YOUR TASK: Restate exactly the lines that run from the start of the records below to the line containing "The drive from", counting both ends, and nothing else; pictures stay out.

Recorded data:
-------------------------
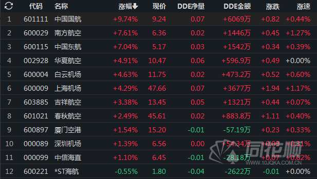 3月17日機(jī)場(chǎng)航運(yùn)概念漲幅居前,截至發(fā)稿板塊漲幅接近4%,板塊中中國(guó)國(guó)航(601111)、南方航空(600029)、中國(guó)東航(600115)、【華夏航空(002928)、股吧】(002928)漲幅居前。
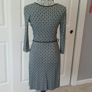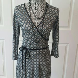 Black and blue geometric design dress with black trim. Faux wrap with tie at waist and side zip. Above the knee. Machine wash delicate.
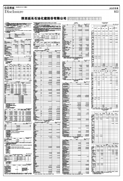 陕西延长石油化建股份有限公司2010年半年度报告摘要
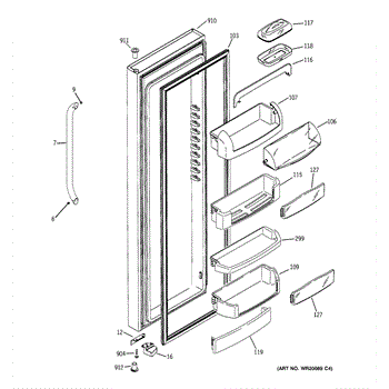 Replacement door bin for side-by-side refrigerators. Mounts inside the door to organize condiments, jars, and beverages. Replace if cracked or broken.
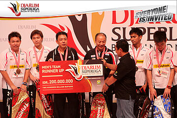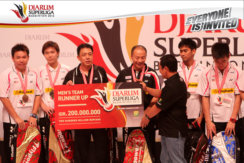Malaysia Tigers yang keluar sebagai juara kedua Djarum Superliga Badminton 2013 berhak mendapatkan hadiah uang tunai sebesar Rp 200 juta
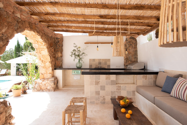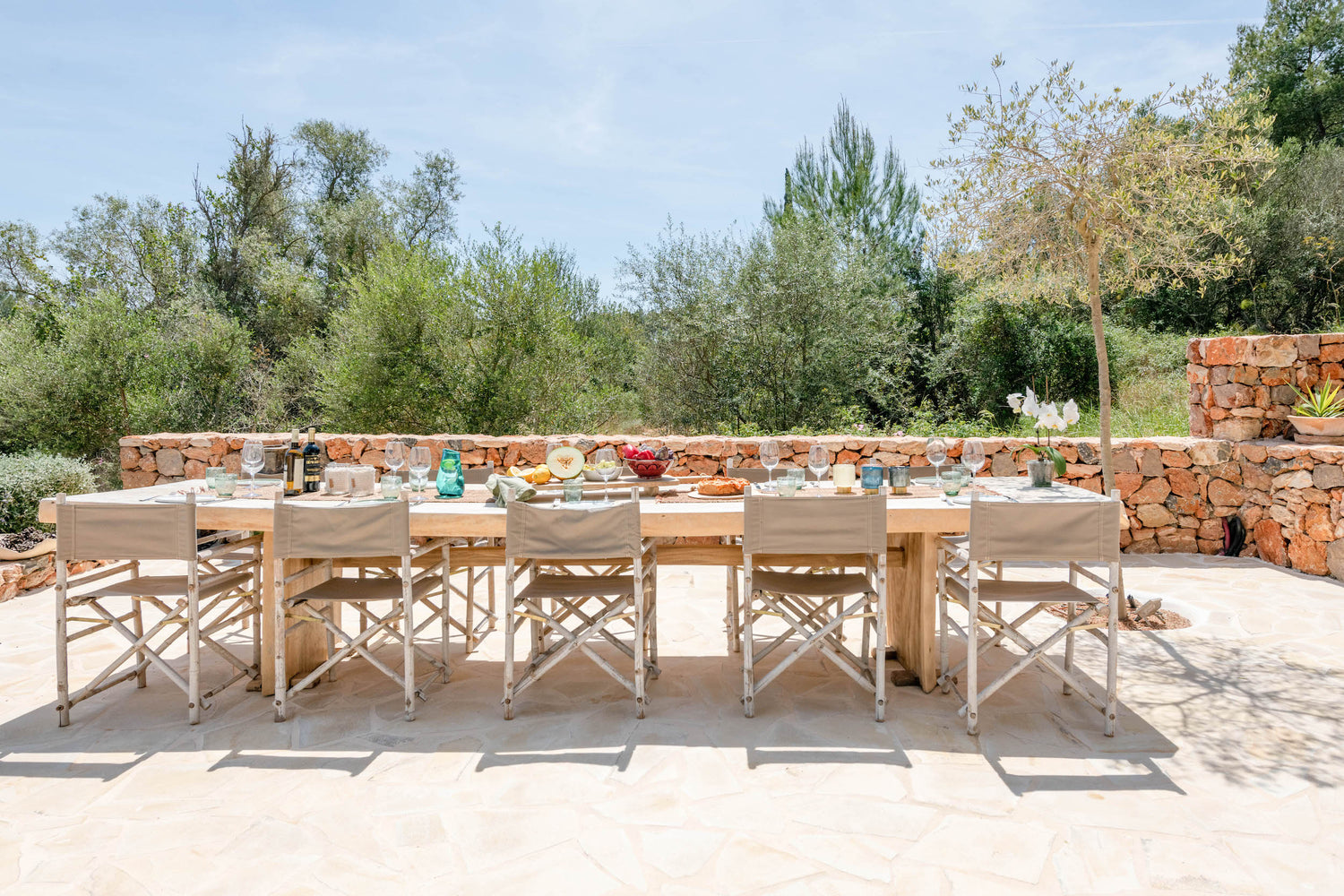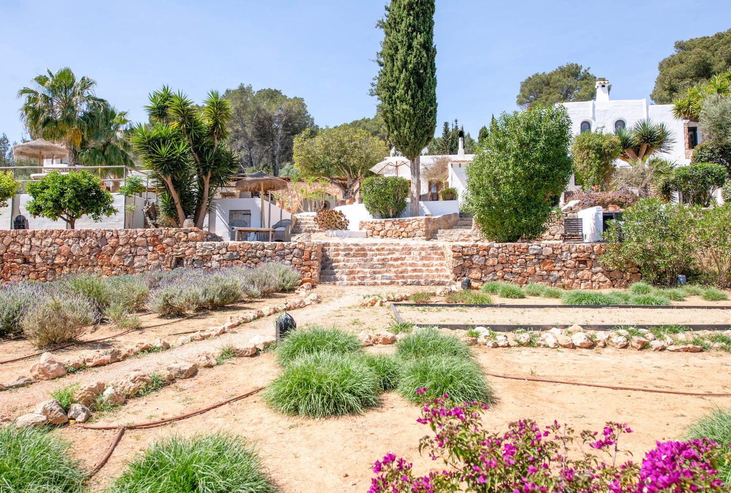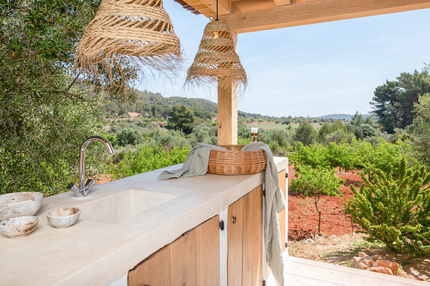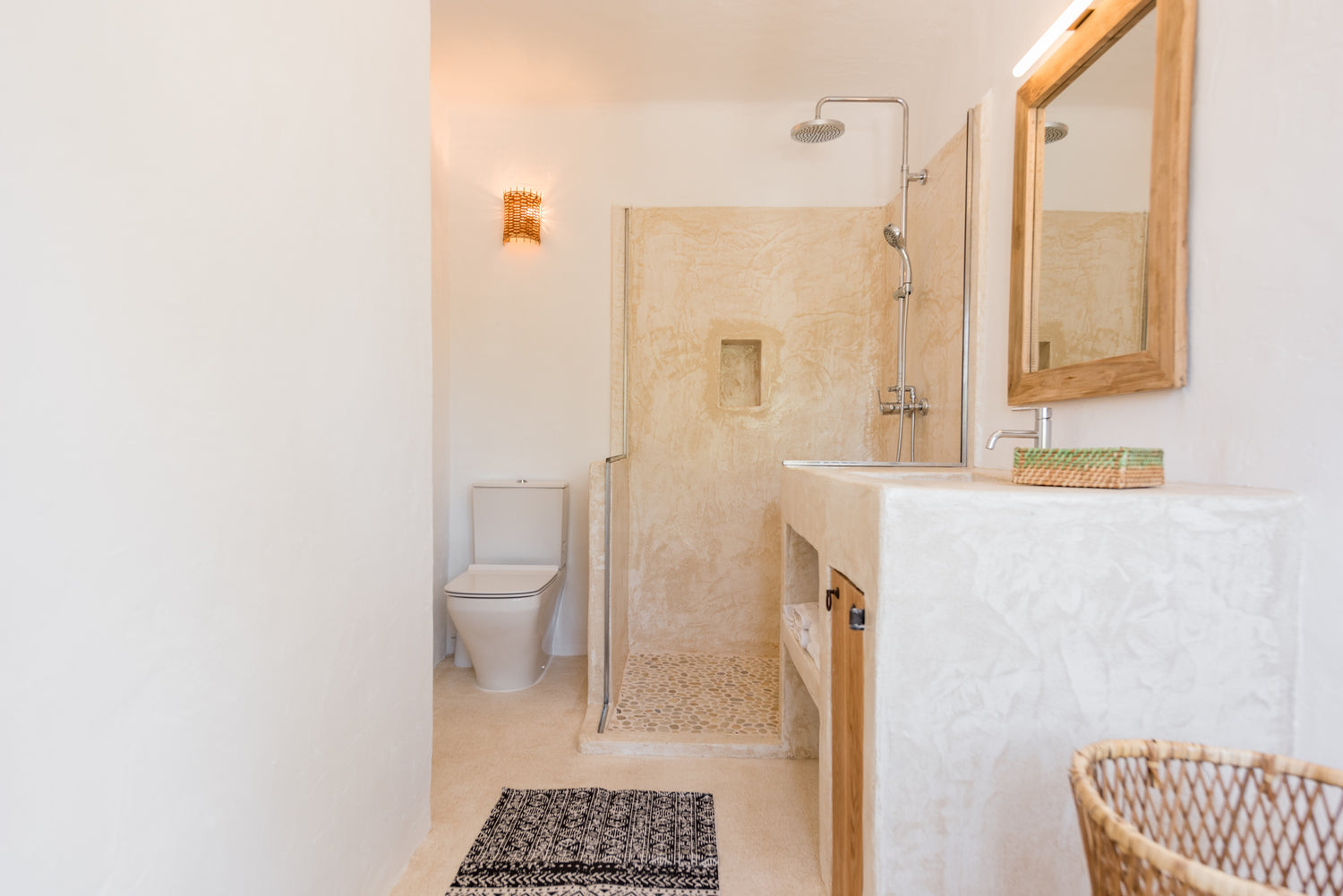 The drive from the airport is barely twenty minutes and yet you feel like you have arrived in another world. The countryside here breathes peace along with the Ibizan fragrances of rosemary and pine. The picturesque town of Santa Gertrudis, lively squares lined with charismatic restaurants and bars, is close by. The renovation of this old farmhouse fuses traditional materials and architecture with modern design, creating clean white spaces punctuated by features that echo bygone times in exposed stonework and weathered timber. There is also luxury with frivolity, as the stunning hand-made bathtub on the private terrace off the master bedroom. Accommodation is split between the main house and a characterful tower creating five bedrooms and bathrooms in all. Interiors connect with the sunny outside through a boho chill-out area with barbecue and onto the gleaming terrace where the salt-water pool sparkles. Can Mirlo is a piece of Ibizan paradise.
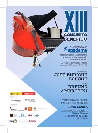 Este concierto, que cuenta con la presidencia de honor de S.M. la reina de España, Doña Leticia, se celebrará el 11 de marzo en la Sala de Cámara del Auditorio Nacional de Música en Madrid. Este año, la actuación correrá a cargo de los músicos José Enrique Bouché, al violonchelo, y Breno Ambrossini, al piano, según informa la Fundación Divina Pastora.
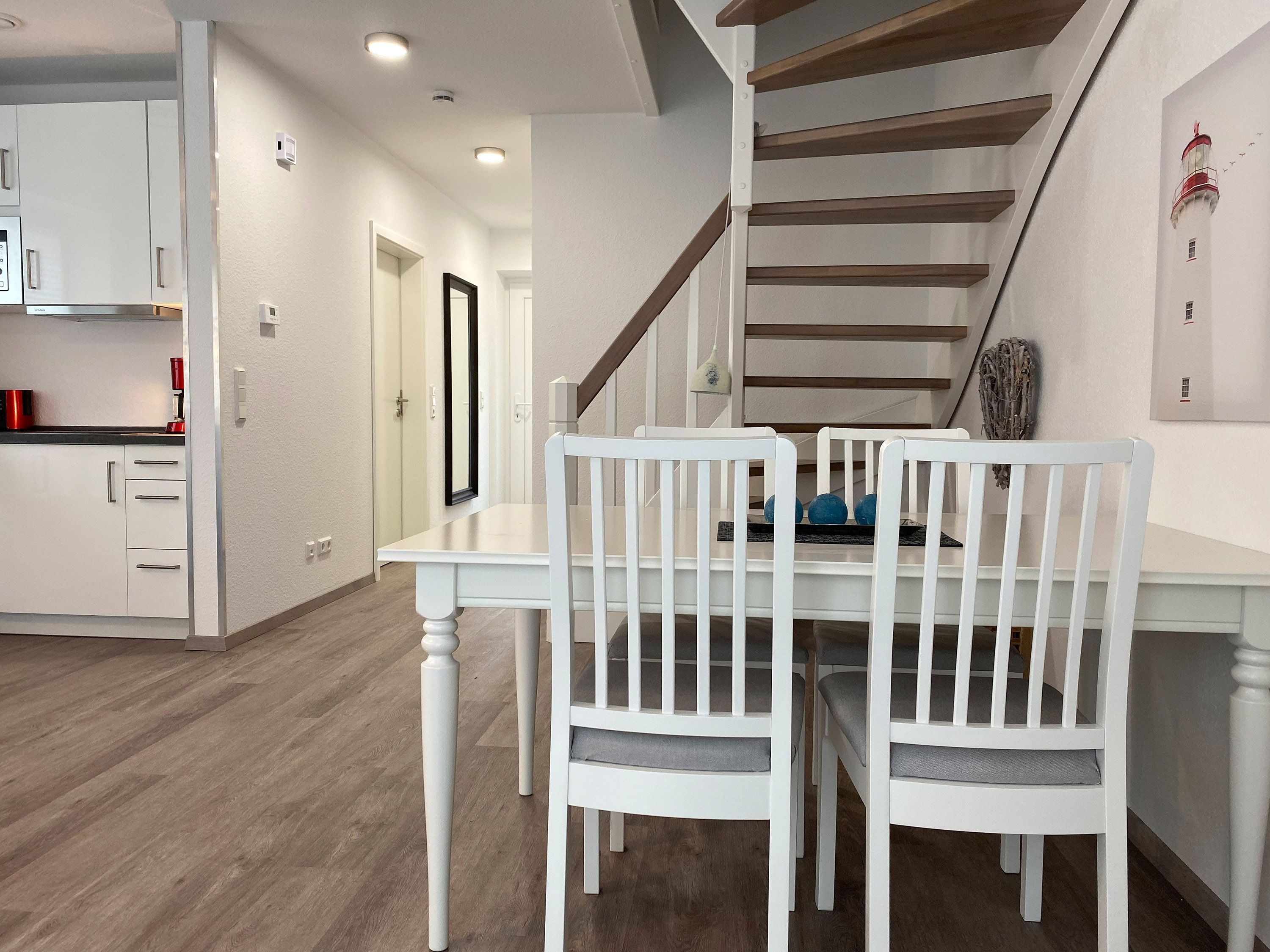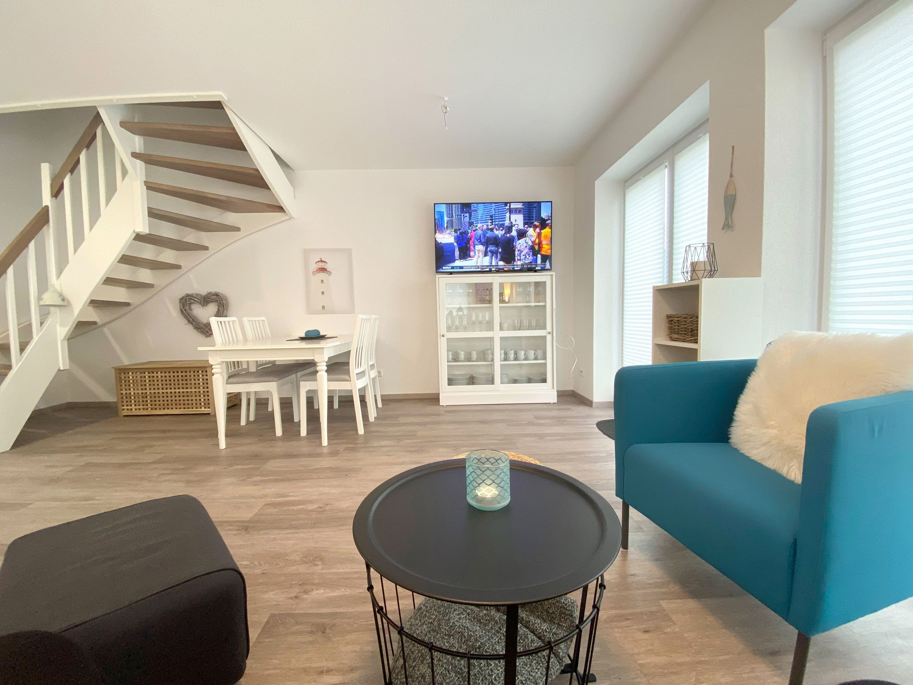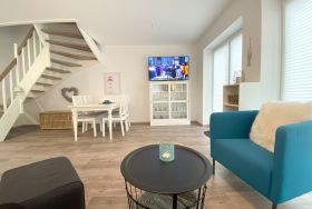 Dieses neuwertige und geschmackvoll eingerichtete Reihenendhaus bietet Ihnen höchsten Komfort und verfügt dabei über einen lichtdurchfluteten Wohnbereich mit einer offenen Küche. Die hier angeschlossene Terrasse ist ideal, um das Frühstück oder ein Glas Wein am Abend zu genießen. Zudem befindet sich im Erdgeschoss ein Badezimmer mit Dusche. Die Unterkunft verfügt über zwei separate Schlafzimmer inkl. TV im Obergeschoss. Eines mit Doppelbett, das andere mit zwei Einzelbetten. Ein modernes Badezimmer mit begehbarer Dusche steht hier ebenfalls für Sie bereit. WLAN ist inbegriffen. Eine hochwertige Ausführung und attraktive Ausstrahlung sorgen für entsprechende Wohnqualität.
-------------------------
TASK RESULT:
 3月17日機(jī)場(chǎng)航運(yùn)概念漲幅居前,截至發(fā)稿板塊漲幅接近4%,板塊中中國(guó)國(guó)航(601111)、南方航空(600029)、中國(guó)東航(600115)、【華夏航空(002928)、股吧】(002928)漲幅居前。
 Black and blue geometric design dress with black trim. Faux wrap with tie at waist and side zip. Above the knee. Machine wash delicate.
 陕西延长石油化建股份有限公司2010年半年度报告摘要
 Replacement door bin for side-by-side refrigerators. Mounts inside the door to organize condiments, jars, and beverages. Replace if cracked or broken.
Malaysia Tigers yang keluar sebagai juara kedua Djarum Superliga Badminton 2013 berhak mendapatkan hadiah uang tunai sebesar Rp 200 juta
 The drive from the airport is barely twenty minutes and yet you feel like you have arrived in another world. The countryside here breathes peace along with the Ibizan fragrances of rosemary and pine. The picturesque town of Santa Gertrudis, lively squares lined with charismatic restaurants and bars, is close by. The renovation of this old farmhouse fuses traditional materials and architecture with modern design, creating clean white spaces punctuated by features that echo bygone times in exposed stonework and weathered timber. There is also luxury with frivolity, as the stunning hand-made bathtub on the private terrace off the master bedroom. Accommodation is split between the main house and a characterful tower creating five bedrooms and bathrooms in all. Interiors connect with the sunny outside through a boho chill-out area with barbecue and onto the gleaming terrace where the salt-water pool sparkles. Can Mirlo is a piece of Ibizan paradise.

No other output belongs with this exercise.